Using the listing below, print the line containing "The unique properties", the line containing "第2个被动飞击式,每6秒钟就", and each line between them, exactly and nothing else. Pictures stay out of the print.

▶ _Given information_:
BEGIN
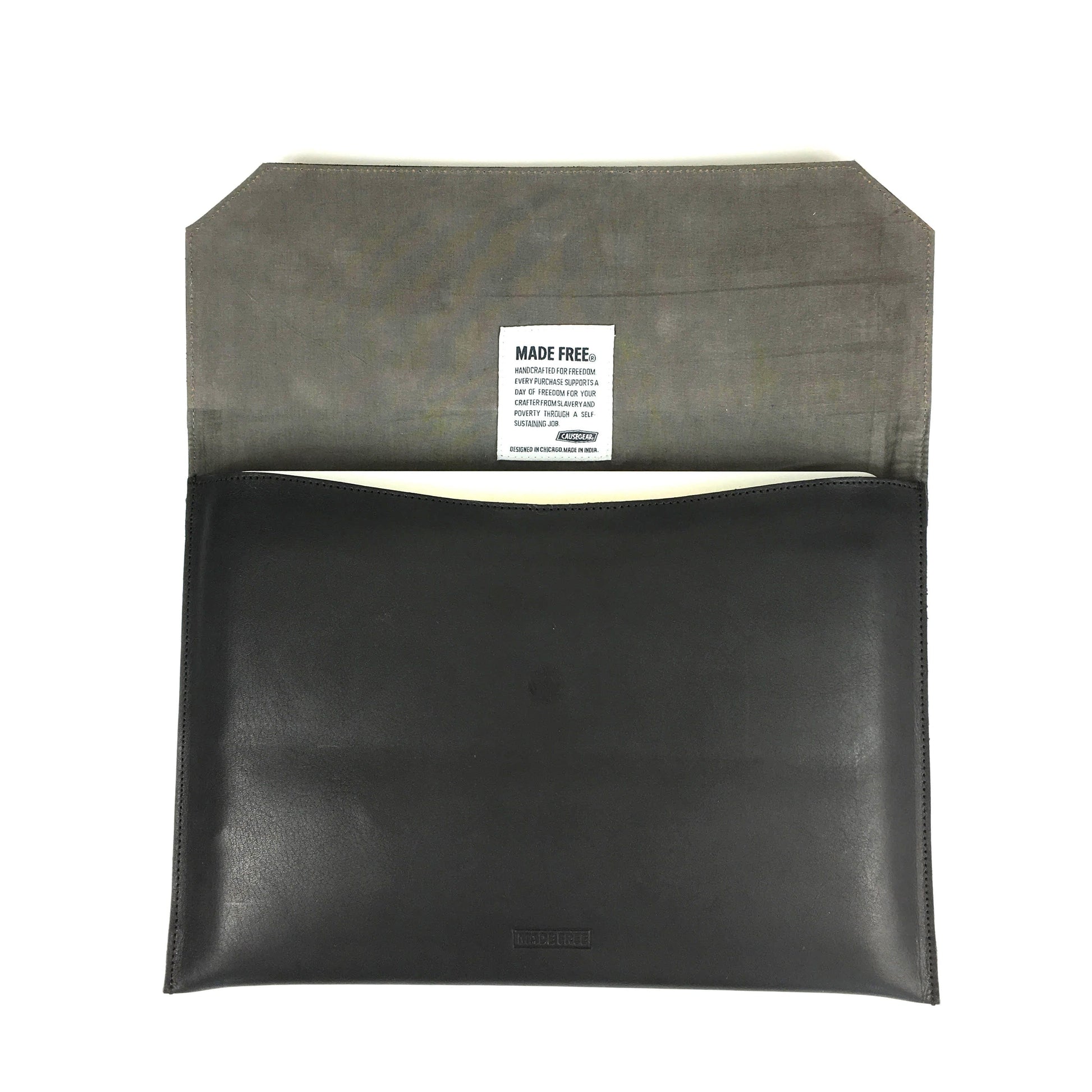 Choose eco-friendly protection for your 13" laptop with our handcrafted leather case. Made from the finest eco-friendly, vegetable-tanned, biodegradable leather, it not only ensures the safety of your device but also promotes sustainability and fair trade practices. Perfect for work, school, and beyond, this laptop sleeve is a sleek companion wherever you go.
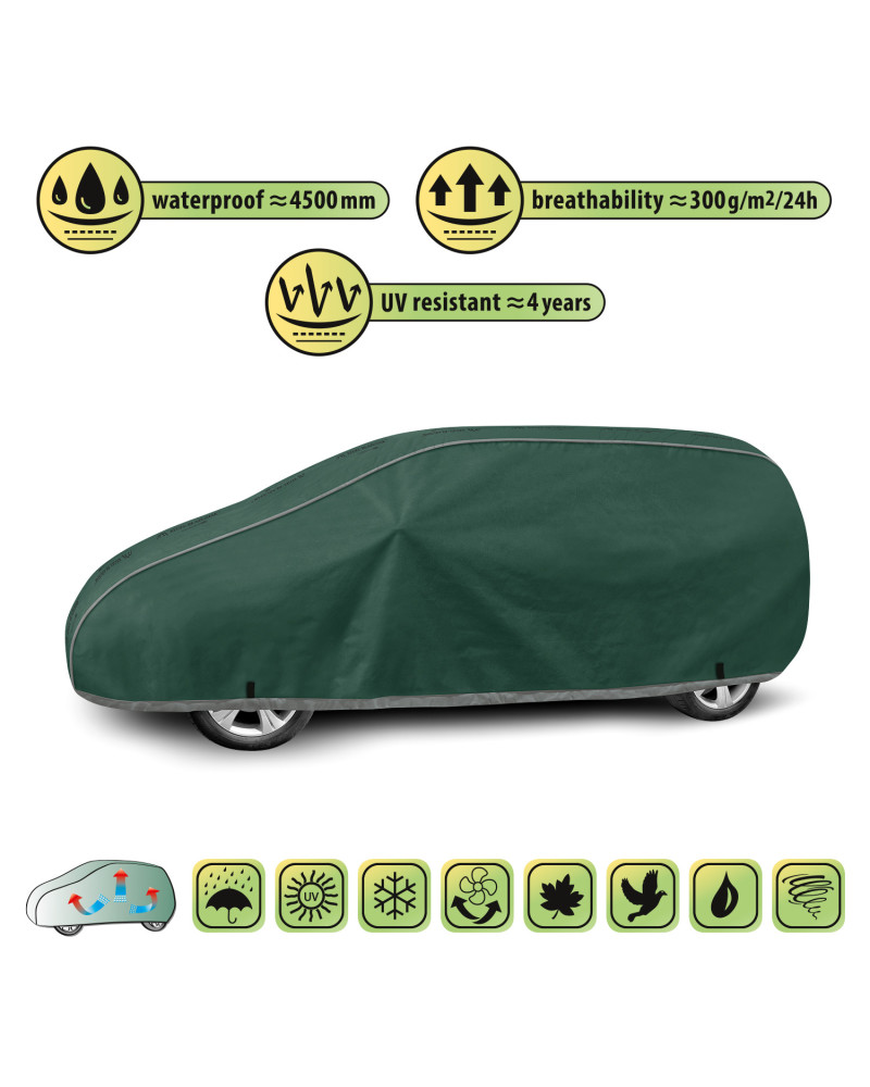 The unique properties of the multi-layer material ensure that the cover is waterproof, while allowing water vapour to escape from under the cover. Any moisture that accumulates under the cover will quickly evaporate, preventing rust and mould from forming on the car. The cover is suitable for both temporary and long-term use.
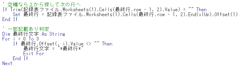 取得した最終行があれば、その行の上:値が記載されている最終行にて値が記載されているかを判定します。記載ある場合、「最終行文字」変数に値を入れます。
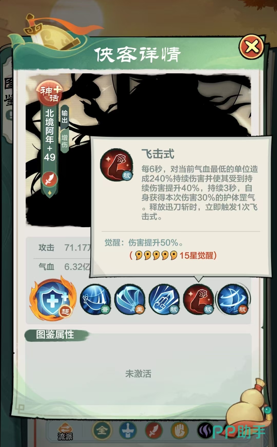 第2个被动飞击式,每6秒钟就能对当前血量最低的单位造成一次240%持续伤害,并使其受到持续伤害提升40%,持续三秒钟自身。获得本次伤害30%的护体罡气,在释放迅刀斩时,会立即触发一次飞击式。最后一个被动搬式,当己方移除敌方单位的持续伤害效果时,随机为该单位施加一层随机持续伤害效果。
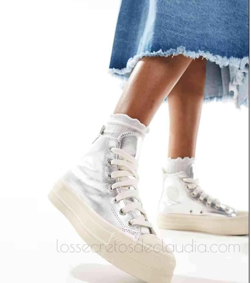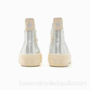 Esta edición limitada de Converse All Star Lift plateadas están fabricadas en tejido PET reciclado, transpirable y flexible.
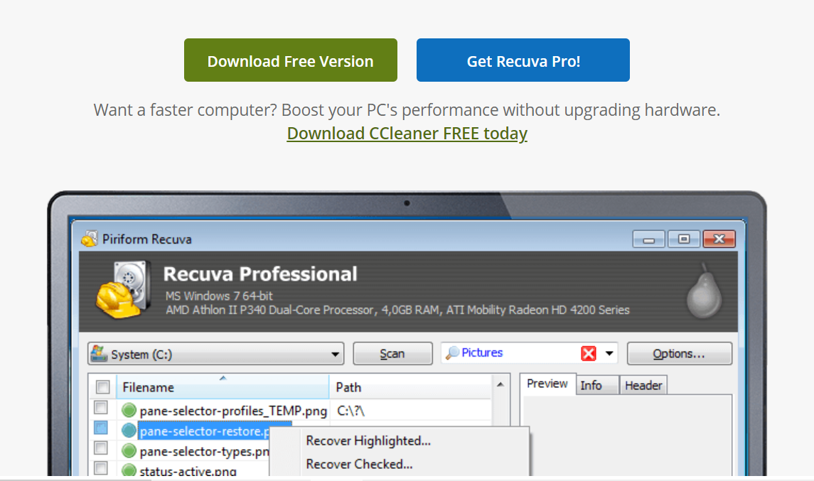 Aplikasi Recovery data terbaik pertama untuk Windows 10 ialah Recuva. Perisian ini boleh menjadi perisian percuma dari Piriform, pembangun aplikasi CCleaner yang merupakan salah satu aplikasi pembersih terbaik di Windows. Kita boleh menggunakan aplikasi Recovery ini secara percuma, saya sendiri menggunakan Recuva di PC saya.
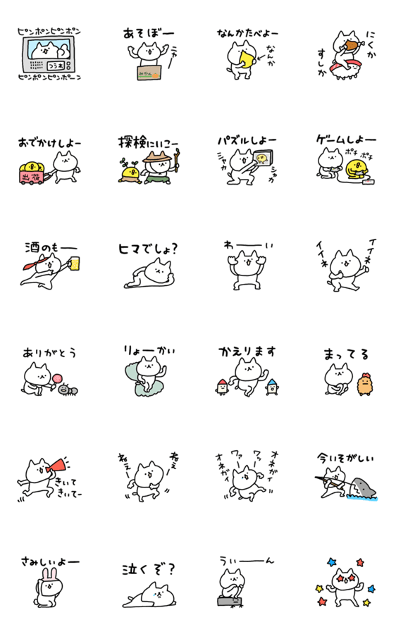 白ネコのあいうえお・・・ってるスタンプ
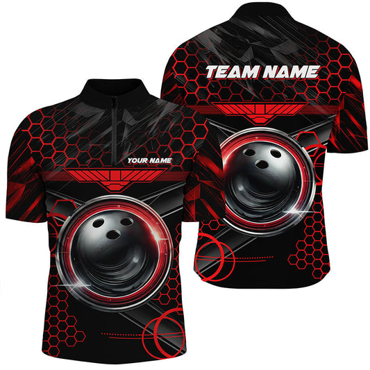 Men's Bowling Quarter-Zip Shirt - Custom Black & Red Team Design N7148
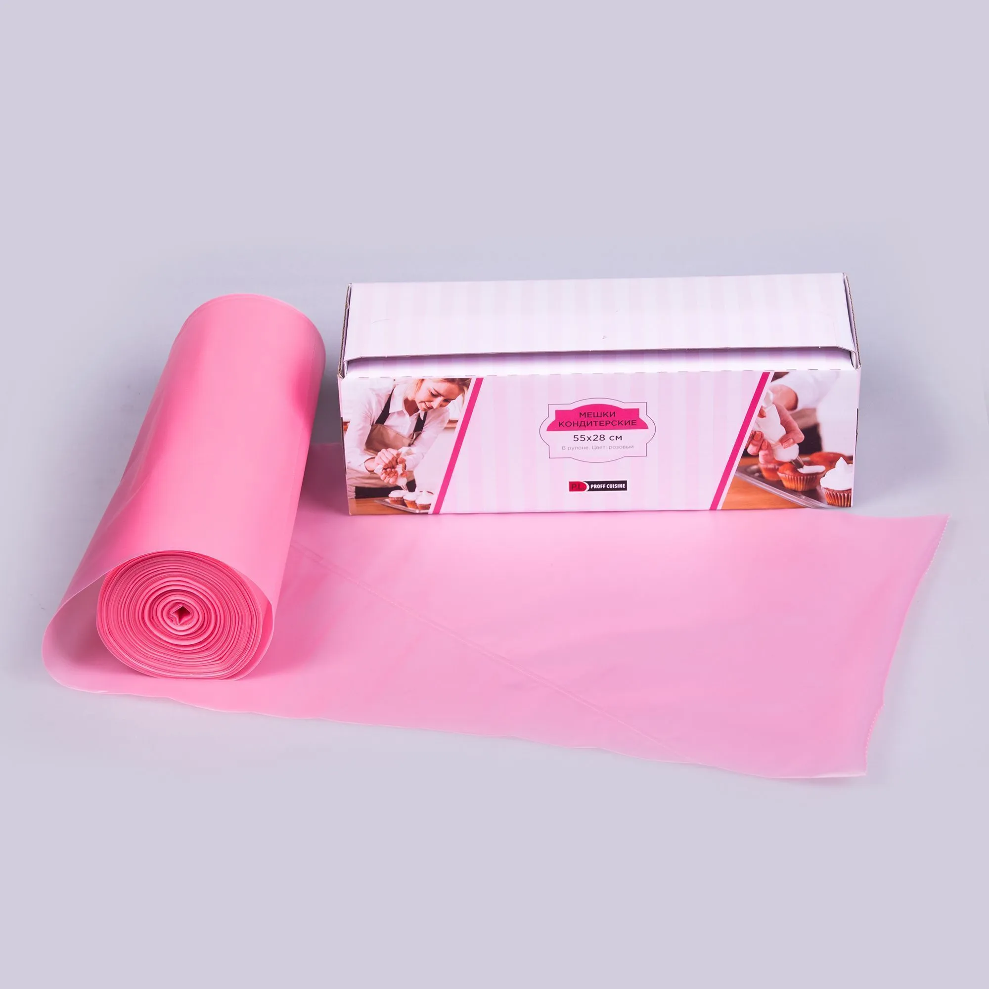 Мешок кондитерский 3-сл в рулоне 53 см розовый, 80 мкм, особо прочные швы, 100 шт/рул, P.L. Proff Cu
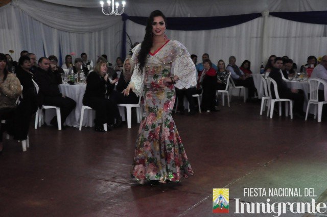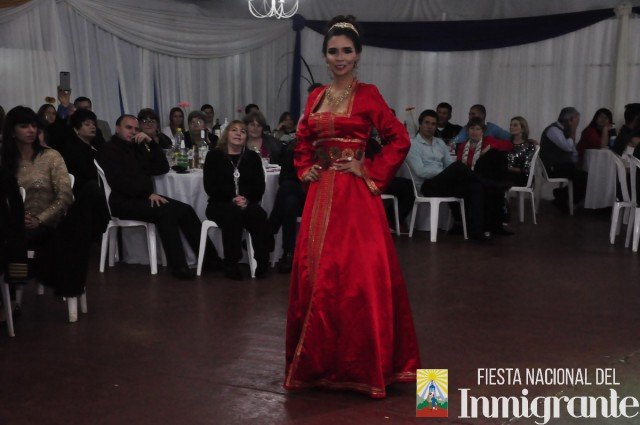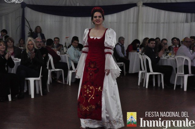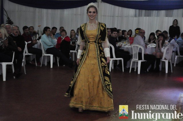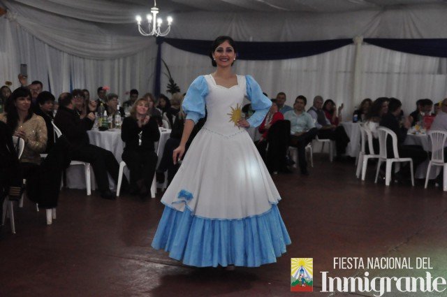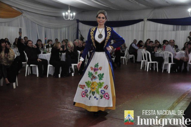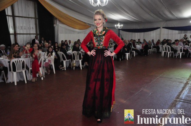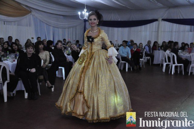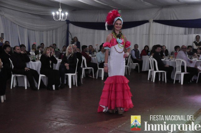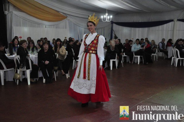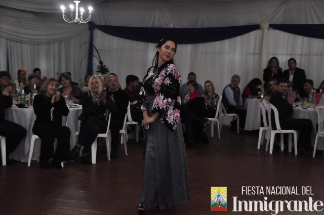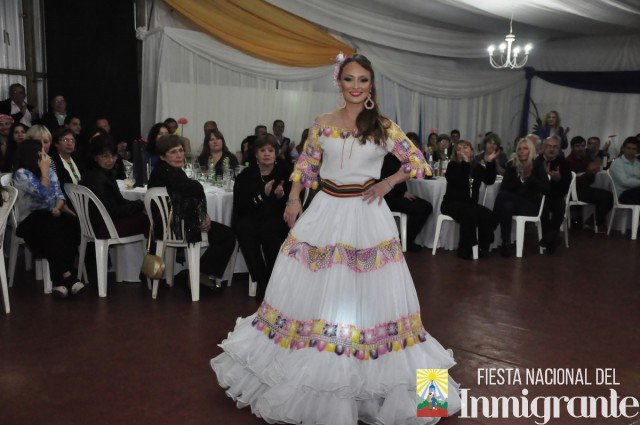 La segunda pasada fue en traje de noche, con vestidos gentilmente cedidos por la casa comercial Fortuna Lis. Mientras que la tercera y última pasada fue en los majestuosos y llamativos Trajes Típicos, cada uno con una historia relacionada con su país de origen. Fue la oportunidad para que cada una de la candidatas se dirigiera al público, invitando a la próxima Fiesta Nacional del Inmigrante, pero en especial a disfrutar de algún plato típico o actividad particular en cada una de las colectividades.
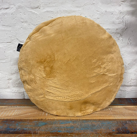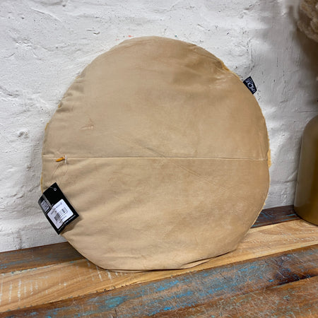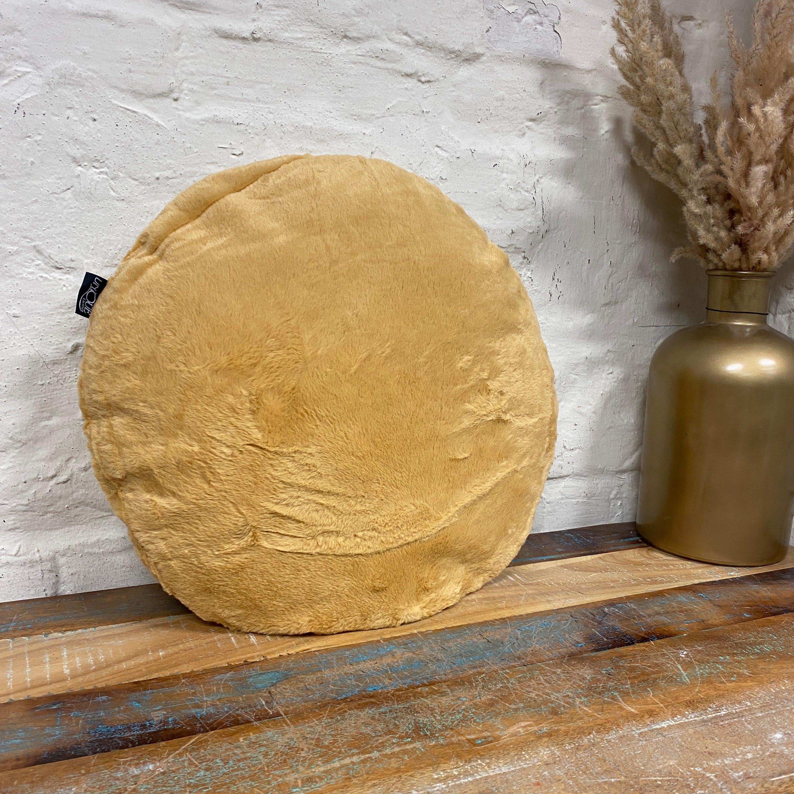 + Rundes Zierkissen in edler Samtoptik in warmem Goldton
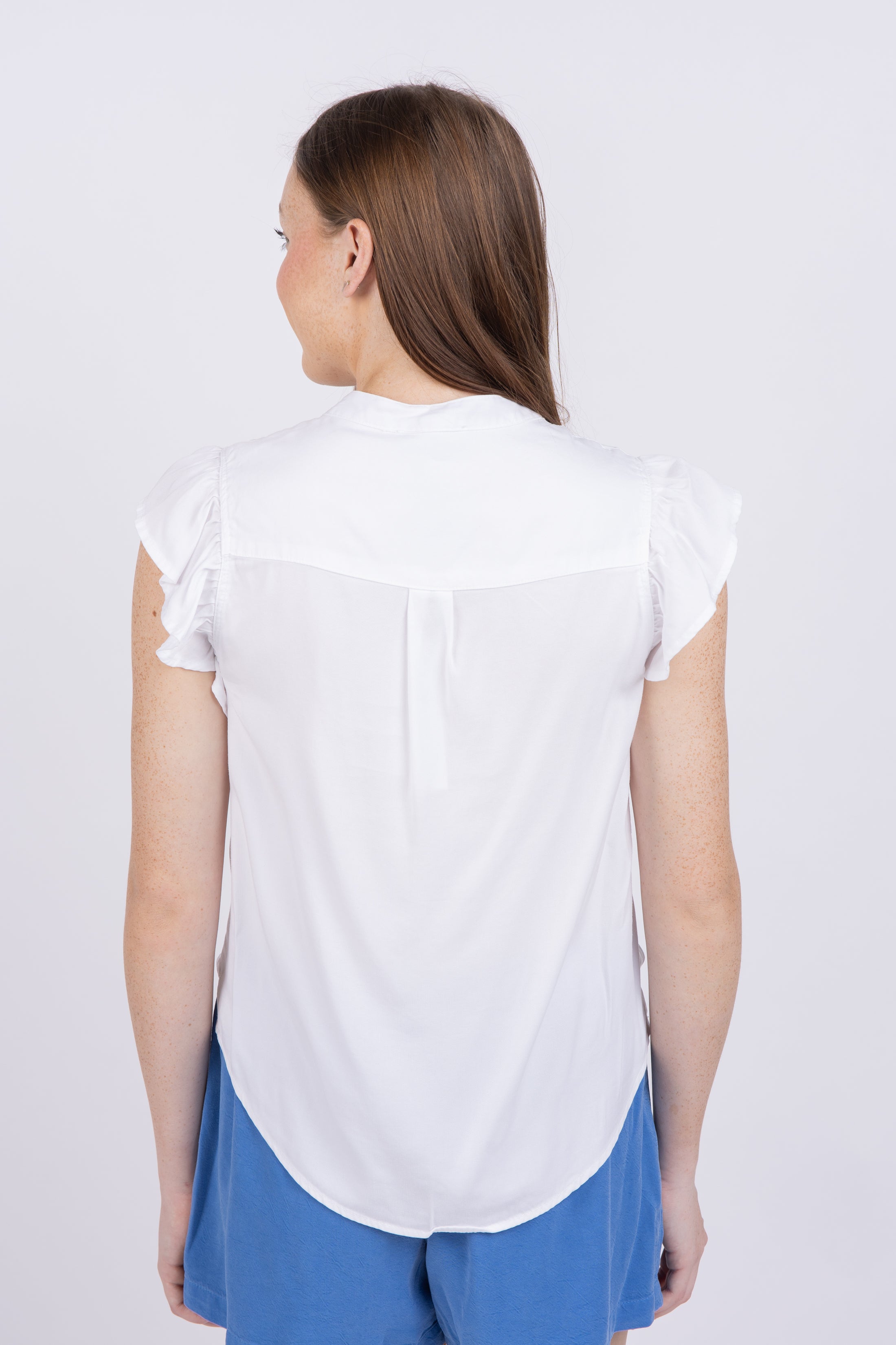Wear timeless sophistication with Maven West’s Ruffle Short Sleeve Button Down. Completely crafted in white for a classic look, it’s the perfect touch of class for those timeless moments in life. Elevate your wardrobe with timeless elegance.
END
▶ _Solution to this exercise_:
 The unique properties of the multi-layer material ensure that the cover is waterproof, while allowing water vapour to escape from under the cover. Any moisture that accumulates under the cover will quickly evaporate, preventing rust and mould from forming on the car. The cover is suitable for both temporary and long-term use.
 取得した最終行があれば、その行の上:値が記載されている最終行にて値が記載されているかを判定します。記載ある場合、「最終行文字」変数に値を入れます。
 第2个被动飞击式,每6秒钟就能对当前血量最低的单位造成一次240%持续伤害,并使其受到持续伤害提升40%,持续三秒钟自身。获得本次伤害30%的护体罡气,在释放迅刀斩时,会立即触发一次飞击式。最后一个被动搬式,当己方移除敌方单位的持续伤害效果时,随机为该单位施加一层随机持续伤害效果。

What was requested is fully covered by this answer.